• What you have to do
In the material below, find the line with "手首に飾る花のリストレットとブートニアとヘッドドレス、" and the line with "Пошли на ужин, были". Output exactly those two lines and all lines between them, leaving out pictures.

---+---

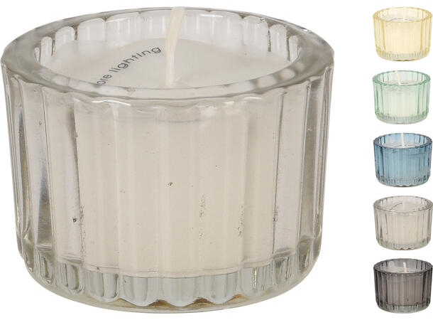 Duftlys i glass - sett med 5 stk Artikkelnr.: 121927 Glassene er 5 x 4 cm. Lys grå, mørk grå, gul, blå og grønn. Vokslys. NOK169,00 inkl. mva. På lager Kjøp Del dette
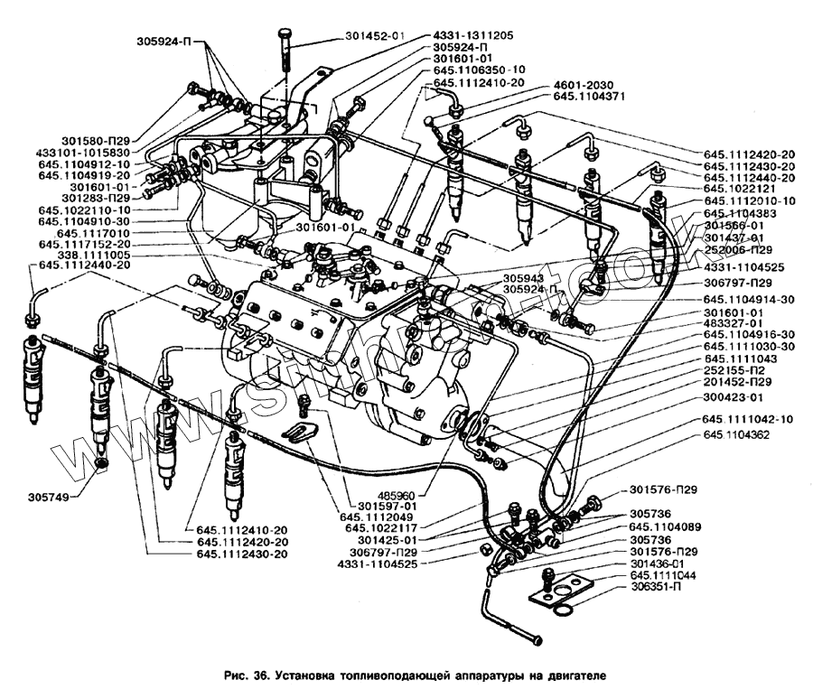 Каталог запасных частей к технике: ЗИЛ-133Д42. Установка топливоподающей аппаратуры на двигателе
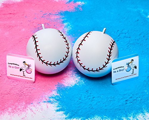 2 Blue (Boy) Gender Reveal Baseballs includes Blue Powder, Reveal Party supplies - Team Blue (Boy) - FamilyFun Authentic Products
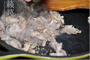 锅内放少许油防止粘锅 把羊肉倒进去翻炒至变色
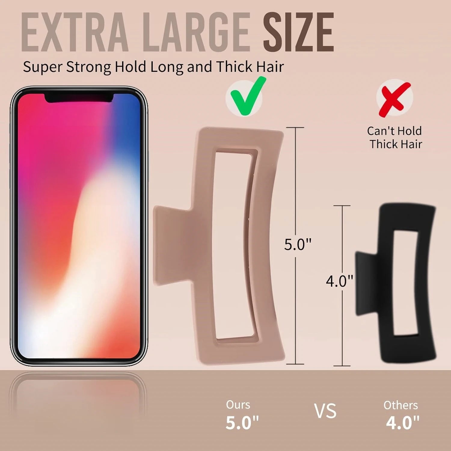 5 Inche Extra Large Claw Clips for Thick Hair and Long Hair, 4 Pack Xl Jumbo Claw clips, Oversized Matte Non-slip Rectangle Hair
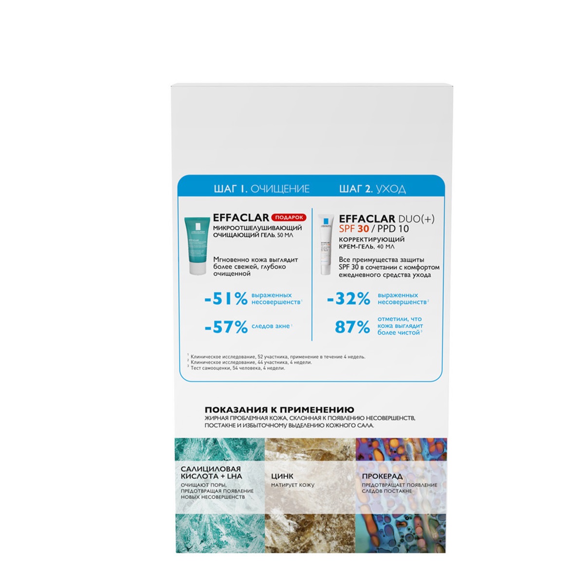 Микроотшелушивающий гель: aqua / water, sodium laureth sulfate, decyl glucoside, glycerin, sodium chloride, coco-betaine, salicylic acid, peg-150 pentaerythrityl tetrastearate, peg-6 caprylic/capric glycerides, zinc gluconate, sodium hydroxide, capryloyl salicylic acid, tetrasodium edta, citric acid, menthol, polyquaternium-47, hexylene glycol, sodium benzoate.
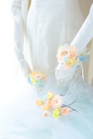 手首に飾る花のリストレットとブートニアとヘッドドレス、
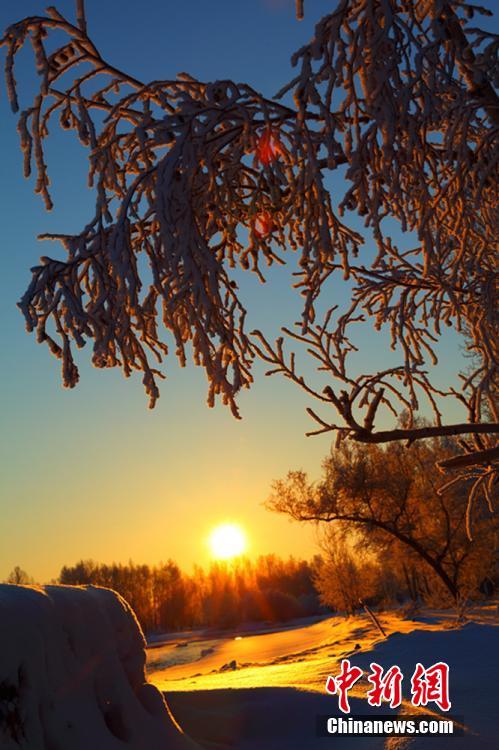 連日來,新疆北部持續低溫,哈巴河縣受寒冷天氣的影響,出現了大面積霜掛美景。一棵棵白樺樹被妝點成銀白色,晶瑩剔透,潔白無瑕,置身其中,如同進入夢幻世界一般。圖為清晨的哈巴河縣銀裝素裹,云霧繚繞。 劉是何 攝
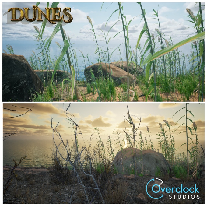 Weather System – In Dunes weather is generated by a systematic code providing a natural, dynamic, interpretation of realistic weather systems. Clear skies, foggy grounds, in-climate weather, and even harsh sandstorms help to ensure that each day/night cycle on the island feels unique.
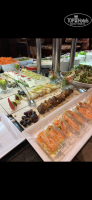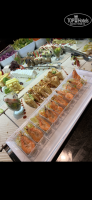 Пошли на ужин, были в восторге от разнообразия еды. Я, конечно, была наслышана, что здесь хорошо кормят, но чтоб настолько…! Одной говядины 5 видов на каждый прием пищи, чего уж говорить о другом. По еде: кальмар каждый день, красную рыбу на бутербродах давали также ежедневно, креветки за 10 дней давали 4 раза, баранина, перепелки, осьминог, лосось, рыба жареная, роллы, салатов видов 20, картофель фри, бургеры, пюре и тд и тп. А какие десерты, это что-то невероятное. И восточные сладости, и чизкейки, и тортики всякие с фруктами, и ореховые козинаки. На барах дают чипсы и орешки. Свежевыжатые соки и фреши с утра до вечера. В общем, худеть явно не сюда! Причем каждое блюдо приготовлено очень вкусно!!! После каждого приема пищи я выползала из-за стола и была готова расцеловать руки поваров. Завтраки вот кстати всегда одинаковые были, а обеды и ужины различались.
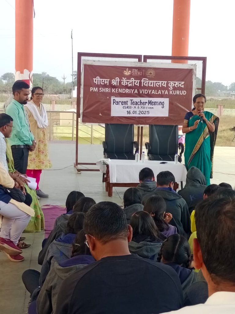 पी एम श्री केंद्रीय विद्यालय कुरुद में छात्रों के शैक्षणिक विकास और विद्यालय की प्रगति पर चर्चा हेतु पालक-शिक्षक बैठक (PTM) का आयोजन किया गया। बैठक में बड़ी संख्या में अभिभावकों ने भाग लिया और छात्रों की शैक्षणिक प्रगति पर चर्चा की गई।बैठक की अध्यक्षता विद्यालय की प्राचार्या ग्लोरिया मिंज ने की। अपने उद्बोधन में उन्होंने छात्रों के परीक्षा परिणामों का उल्लेख करते हुए उनकी मेहनत और प्रयासों की सराहना की। प्राचार्य ने अभिभावकों को यह भरोसा दिलाया कि विद्यालय छात्रों को आगामी बोर्ड परीक्षाओं के लिए पूरी तरह तैयार करने के लिए हरसंभव प्रयास कर रहा है। उन्होंने अभिभावकों से अनुरोध किया कि वे घर पर भी बच्चों को पढ़ाई का अनुकूल वातावरण प्रदान करें और उनके मानसिक स्वास्थ्य का ध्यान रखें।
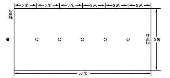 在坚实、平整场地或足球场进行,测试区域长30米,宽10米,在起点线至第一杆距离为5米,各杆间距5米,共设5根标志杆,标杆距两侧边线各5米,测试用球为(5号球)。考生从起点线通过“S”型绕过所有标志杆,并通过终点线为结束。
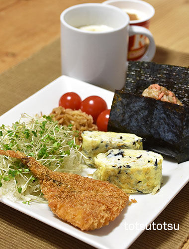 朝ご飯のメインは鯵フライ。鯵フライは温めるだけで食べられる大地を守る会の冷凍食品『レンジであじフライ』です。鯵フライ、梅ひじきちりめん入り卵焼き、鮭フレーク混ぜご飯のおにぎり、キャベツとブロッコリースーパースプラウトと糸寒天の甘酢和え、切り干し大根と油揚げのごま和え、ミニトマト、自然栽培の玄米甘酒とリンゴ酢入り豆乳、R1ヨーグルト+シナモン。おにぎりのご飯は大豆ブレンドの寝かせ玄米ごはんで90gくらいです。
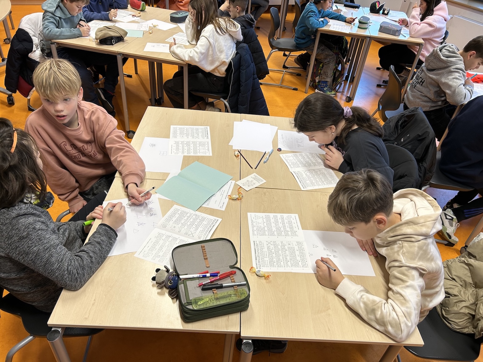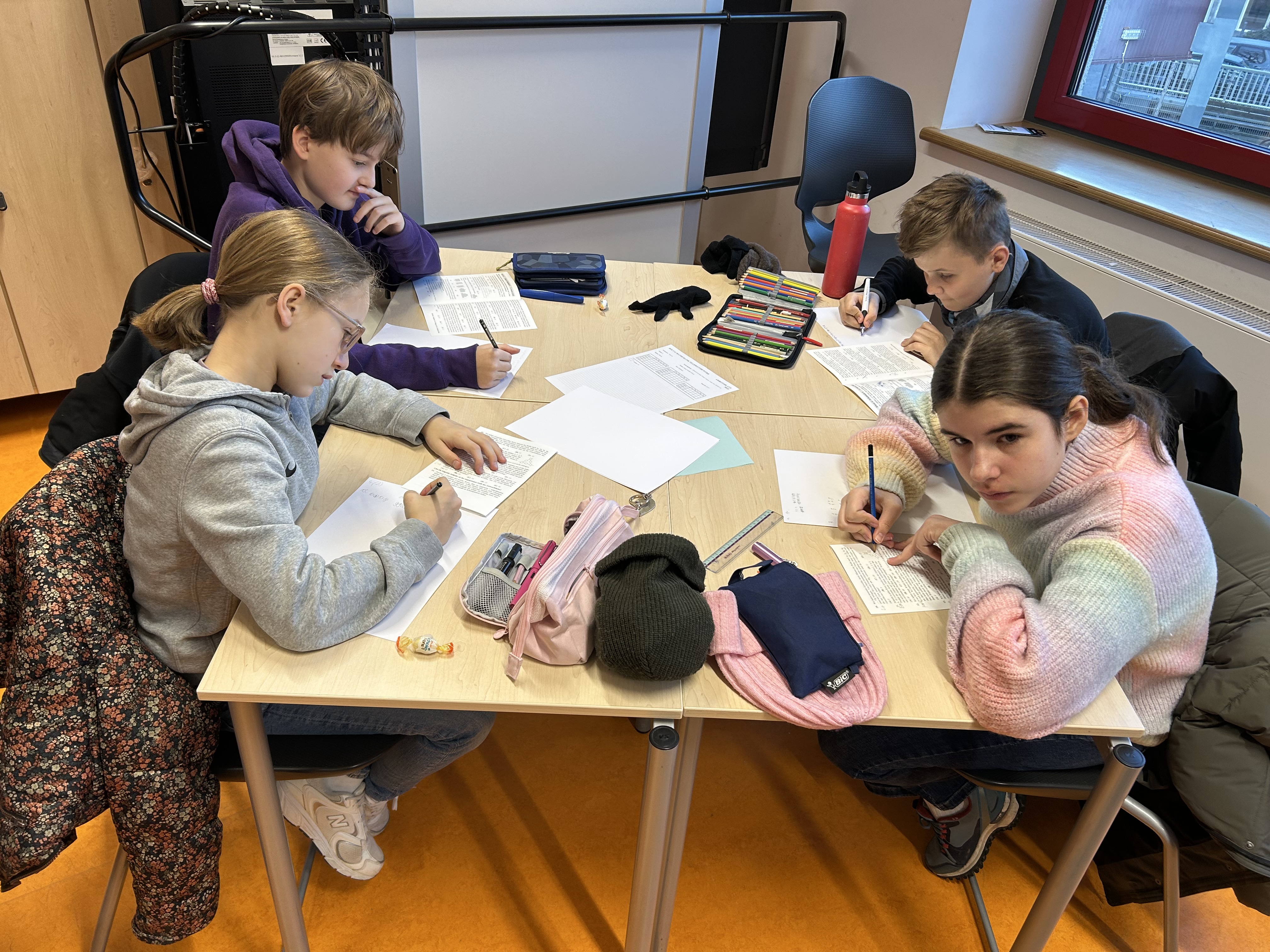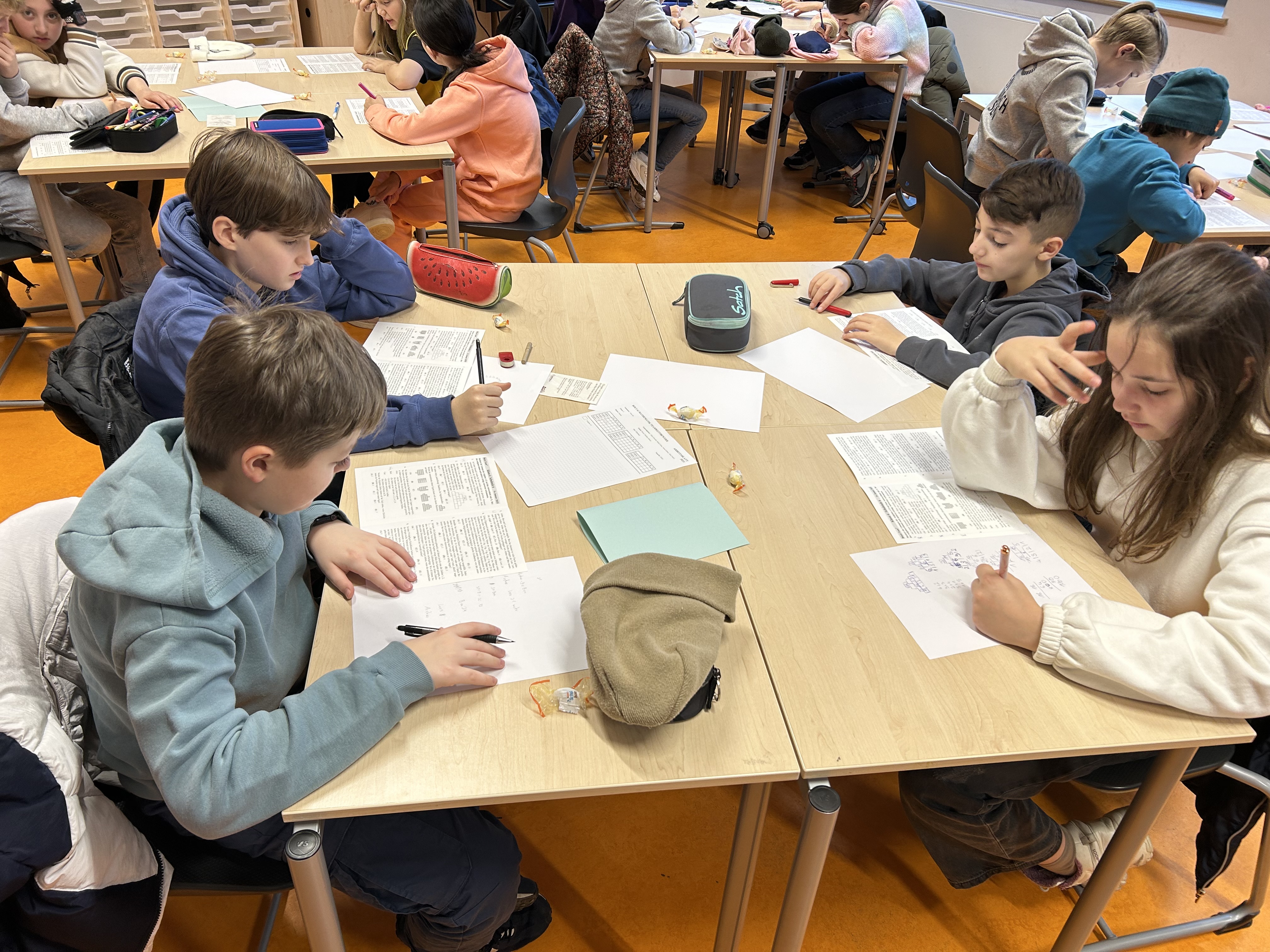 Jede Klasse wählte ein Team aus vier Kindern, die gemeinsam antraten, um verschiedene knifflige Aufgaben zu lösen. Dabei konnten diese aufgeteilt oder zusammen bearbeitet werden. Zur Vorbereitung und Einstimmung gab es daher schon im Dezember ein Vortreffen. Für jede Aufgabe musste am Ende angekreuzt werden: Ist eine der gegebenen Lösungen richtig, zwei, drei, vier, alle fünf oder sogar keine?

---+---

• The completed task
 手首に飾る花のリストレットとブートニアとヘッドドレス、
 連日來,新疆北部持續低溫,哈巴河縣受寒冷天氣的影響,出現了大面積霜掛美景。一棵棵白樺樹被妝點成銀白色,晶瑩剔透,潔白無瑕,置身其中,如同進入夢幻世界一般。圖為清晨的哈巴河縣銀裝素裹,云霧繚繞。 劉是何 攝
 Weather System – In Dunes weather is generated by a systematic code providing a natural, dynamic, interpretation of realistic weather systems. Clear skies, foggy grounds, in-climate weather, and even harsh sandstorms help to ensure that each day/night cycle on the island feels unique.
 Пошли на ужин, были в восторге от разнообразия еды. Я, конечно, была наслышана, что здесь хорошо кормят, но чтоб настолько…! Одной говядины 5 видов на каждый прием пищи, чего уж говорить о другом. По еде: кальмар каждый день, красную рыбу на бутербродах давали также ежедневно, креветки за 10 дней давали 4 раза, баранина, перепелки, осьминог, лосось, рыба жареная, роллы, салатов видов 20, картофель фри, бургеры, пюре и тд и тп. А какие десерты, это что-то невероятное. И восточные сладости, и чизкейки, и тортики всякие с фруктами, и ореховые козинаки. На барах дают чипсы и орешки. Свежевыжатые соки и фреши с утра до вечера. В общем, худеть явно не сюда! Причем каждое блюдо приготовлено очень вкусно!!! После каждого приема пищи я выползала из-за стола и была готова расцеловать руки поваров. Завтраки вот кстати всегда одинаковые были, а обеды и ужины различались.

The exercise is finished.